Она кивнула. Она знала, что он пристально вглядывается в ее лицо, хотя и не могла на него посмотреть.
— Скажи, если по какой-то причине я решу остаться на аэродроме, что случится? С тобой, я имею в виду.
Как всегда бывало в напряженные моменты, Мари-Луиз принялась накручивать волосы на палец.
— Ничего. Не знаю. Я что-нибудь придумаю.
— Они догадаются, что это ты, не так ли? С чего бы еще мне изменять привычный уклад?
— Ты уже оставался там раньше.
— Дважды. И ни разу за последние три месяца.
— Это может быть случайностью. Учебный вылет. Что-нибудь в этом роде.
— Может быть. Но вряд ли. Учитывая обстоятельства.
Адам потянулся к ее рукам и накрыл их своими ладонями.
— Посмотри на меня.
Она повиновалась. Слезы текли по ее лицу.
— Послушай, у меня практически нет шансов пережить эту войну. Дело не в мастерстве, просто такова вероятность. И даже если я выживу, что тогда? У тебя есть муж, которого ты любишь. То, что возникло между нами, драгоценно и неповторимо, но живет только настоящим. У нас есть прошлое, но нет будущего. Согласна? Я так счастлив этим, поверь. Мне удалось… спасти из огня целый год. Премия, чудесная премия. Если не это, тогда что? Дно Ла-Манша? Зенитный огонь русских? Теперь, когда я знаю, что что-то должно произойти, у меня есть шанс избежать этого; но если я отклонюсь от обычного маршрута, они, кем бы они ни были, узнают, что ты меня предупредила, верно? Верно?
Мари-Луиз кивнула.
— Спасибо за это, chérie. Спасибо за все. Ты сделала, что могла. Правда. — Адам обхватил ее лицо ладонями и нежно поцеловал в губы. — Au revoir, chérie. Уверен, только au revoir.
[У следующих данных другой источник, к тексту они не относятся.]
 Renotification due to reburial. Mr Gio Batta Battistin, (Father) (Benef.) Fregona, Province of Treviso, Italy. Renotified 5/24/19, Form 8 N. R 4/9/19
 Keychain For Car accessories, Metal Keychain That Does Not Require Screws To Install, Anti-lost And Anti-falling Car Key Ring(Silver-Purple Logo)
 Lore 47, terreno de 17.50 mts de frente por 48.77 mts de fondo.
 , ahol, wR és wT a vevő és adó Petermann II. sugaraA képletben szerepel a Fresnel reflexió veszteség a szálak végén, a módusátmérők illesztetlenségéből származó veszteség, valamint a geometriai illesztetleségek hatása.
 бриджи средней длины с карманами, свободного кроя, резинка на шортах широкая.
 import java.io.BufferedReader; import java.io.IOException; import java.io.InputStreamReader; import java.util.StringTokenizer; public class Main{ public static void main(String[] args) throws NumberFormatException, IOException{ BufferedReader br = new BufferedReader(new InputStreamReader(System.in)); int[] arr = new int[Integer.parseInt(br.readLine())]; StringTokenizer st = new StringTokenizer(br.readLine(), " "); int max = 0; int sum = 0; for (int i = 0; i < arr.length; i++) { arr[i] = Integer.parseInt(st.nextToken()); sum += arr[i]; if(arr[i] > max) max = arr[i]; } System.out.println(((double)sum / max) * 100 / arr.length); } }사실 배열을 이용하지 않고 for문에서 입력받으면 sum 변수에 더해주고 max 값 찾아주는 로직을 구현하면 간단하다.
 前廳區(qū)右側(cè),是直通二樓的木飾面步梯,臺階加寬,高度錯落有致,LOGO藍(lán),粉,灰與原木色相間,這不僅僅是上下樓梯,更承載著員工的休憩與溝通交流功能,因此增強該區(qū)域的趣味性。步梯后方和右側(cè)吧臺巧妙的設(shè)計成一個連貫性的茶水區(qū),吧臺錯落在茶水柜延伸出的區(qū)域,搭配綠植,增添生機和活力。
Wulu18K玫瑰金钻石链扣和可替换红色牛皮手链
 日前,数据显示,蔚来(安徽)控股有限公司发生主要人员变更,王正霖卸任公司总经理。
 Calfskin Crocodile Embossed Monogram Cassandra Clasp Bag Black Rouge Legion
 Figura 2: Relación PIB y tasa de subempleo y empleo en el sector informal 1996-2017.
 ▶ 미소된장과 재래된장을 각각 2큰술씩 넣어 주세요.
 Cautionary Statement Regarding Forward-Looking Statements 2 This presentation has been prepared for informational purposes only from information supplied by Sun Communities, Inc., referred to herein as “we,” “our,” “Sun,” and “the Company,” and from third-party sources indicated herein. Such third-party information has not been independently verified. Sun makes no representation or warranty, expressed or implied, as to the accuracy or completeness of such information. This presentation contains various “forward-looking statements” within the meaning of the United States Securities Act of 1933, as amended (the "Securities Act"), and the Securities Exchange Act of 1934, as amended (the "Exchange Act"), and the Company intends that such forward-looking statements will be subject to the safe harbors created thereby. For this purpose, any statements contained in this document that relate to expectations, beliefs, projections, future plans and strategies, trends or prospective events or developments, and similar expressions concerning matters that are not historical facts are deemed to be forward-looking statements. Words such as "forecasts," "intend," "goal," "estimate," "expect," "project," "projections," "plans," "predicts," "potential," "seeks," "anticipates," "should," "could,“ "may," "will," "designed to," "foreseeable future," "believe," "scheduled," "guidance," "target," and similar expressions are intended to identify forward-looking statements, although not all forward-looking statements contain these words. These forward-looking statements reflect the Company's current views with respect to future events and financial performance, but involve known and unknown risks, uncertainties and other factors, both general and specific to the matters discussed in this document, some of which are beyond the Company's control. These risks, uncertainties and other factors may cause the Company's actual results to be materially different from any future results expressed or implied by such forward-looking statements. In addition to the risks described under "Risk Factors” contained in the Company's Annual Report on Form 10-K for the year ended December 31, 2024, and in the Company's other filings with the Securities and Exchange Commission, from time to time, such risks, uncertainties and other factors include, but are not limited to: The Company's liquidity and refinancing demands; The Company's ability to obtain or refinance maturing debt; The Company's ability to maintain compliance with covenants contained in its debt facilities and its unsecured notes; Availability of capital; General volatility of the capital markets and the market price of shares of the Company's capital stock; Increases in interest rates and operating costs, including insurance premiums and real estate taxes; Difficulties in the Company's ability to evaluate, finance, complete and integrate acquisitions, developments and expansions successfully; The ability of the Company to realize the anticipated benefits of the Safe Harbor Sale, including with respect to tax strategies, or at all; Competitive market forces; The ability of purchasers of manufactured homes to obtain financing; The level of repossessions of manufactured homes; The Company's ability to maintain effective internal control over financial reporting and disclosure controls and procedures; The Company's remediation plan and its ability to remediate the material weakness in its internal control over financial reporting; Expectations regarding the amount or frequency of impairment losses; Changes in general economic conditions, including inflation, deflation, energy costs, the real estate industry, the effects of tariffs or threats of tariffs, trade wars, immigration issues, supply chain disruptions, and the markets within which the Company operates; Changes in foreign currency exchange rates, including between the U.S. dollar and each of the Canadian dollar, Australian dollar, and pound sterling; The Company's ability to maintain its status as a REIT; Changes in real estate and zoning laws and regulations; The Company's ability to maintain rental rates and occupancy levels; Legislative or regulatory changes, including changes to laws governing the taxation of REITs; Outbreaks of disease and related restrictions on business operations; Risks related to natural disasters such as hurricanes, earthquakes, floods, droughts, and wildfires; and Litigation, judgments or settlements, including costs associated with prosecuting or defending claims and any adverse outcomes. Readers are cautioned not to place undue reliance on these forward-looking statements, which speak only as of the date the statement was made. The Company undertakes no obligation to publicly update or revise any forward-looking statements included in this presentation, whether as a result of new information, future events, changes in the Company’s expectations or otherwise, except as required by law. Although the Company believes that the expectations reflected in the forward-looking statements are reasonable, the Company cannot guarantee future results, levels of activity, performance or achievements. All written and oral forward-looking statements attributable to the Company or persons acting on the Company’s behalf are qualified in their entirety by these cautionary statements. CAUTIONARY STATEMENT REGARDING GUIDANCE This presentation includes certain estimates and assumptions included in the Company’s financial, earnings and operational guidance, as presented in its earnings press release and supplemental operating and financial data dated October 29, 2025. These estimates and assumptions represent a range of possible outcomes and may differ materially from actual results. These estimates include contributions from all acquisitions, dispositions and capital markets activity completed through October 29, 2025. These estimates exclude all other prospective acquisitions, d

Он взял свой летный комбинезон, повернулся и скрылся за дверью.
* * *
Ночь тянулась бесконечно. Не в силах совладать со своими страхами, Мари-Луиз вышла из дома и направилась к цитадели, под стенами которой Жером впервые поцеловал ее в то далекое мирное лето. Долгие летние сумерки еще подкрашивали небо кобальтовыми переливами, хотя солнце уже давно закатилось за горизонт. Мари-Луиз цеплялась за них взглядом, когда до ее слуха донесся отдаленный гул, шум авиадвигателей. Долину, не смевшую в военное время загораться огнями, поглотила непроглядная тьма, и только на западе линию горизонта отмечала слабая полоска света да первые звезды подсвечивали тонкую тесьму Млечного Пути. А на севере тяжелогруженые бомбардировщики отвоевывали у земного притяжения каждый метр высоты. Пока они кружили и выстраивались невидимым порядком над берегом, их рев пульсировал и плавно переходил от тона к тону. Время от времени вспыхивала сигнальная лампа, указывая на источник звука, который казался рассеянным в зыбком пространстве, соединявшем небо и землю. Медленно, по мере того, как меркли отблески заката, рев становился далеким гулом, а иглы света исчезали, оставляя за собой лишь кромешную темноту и лай собак, доносившийся откуда-то из долины.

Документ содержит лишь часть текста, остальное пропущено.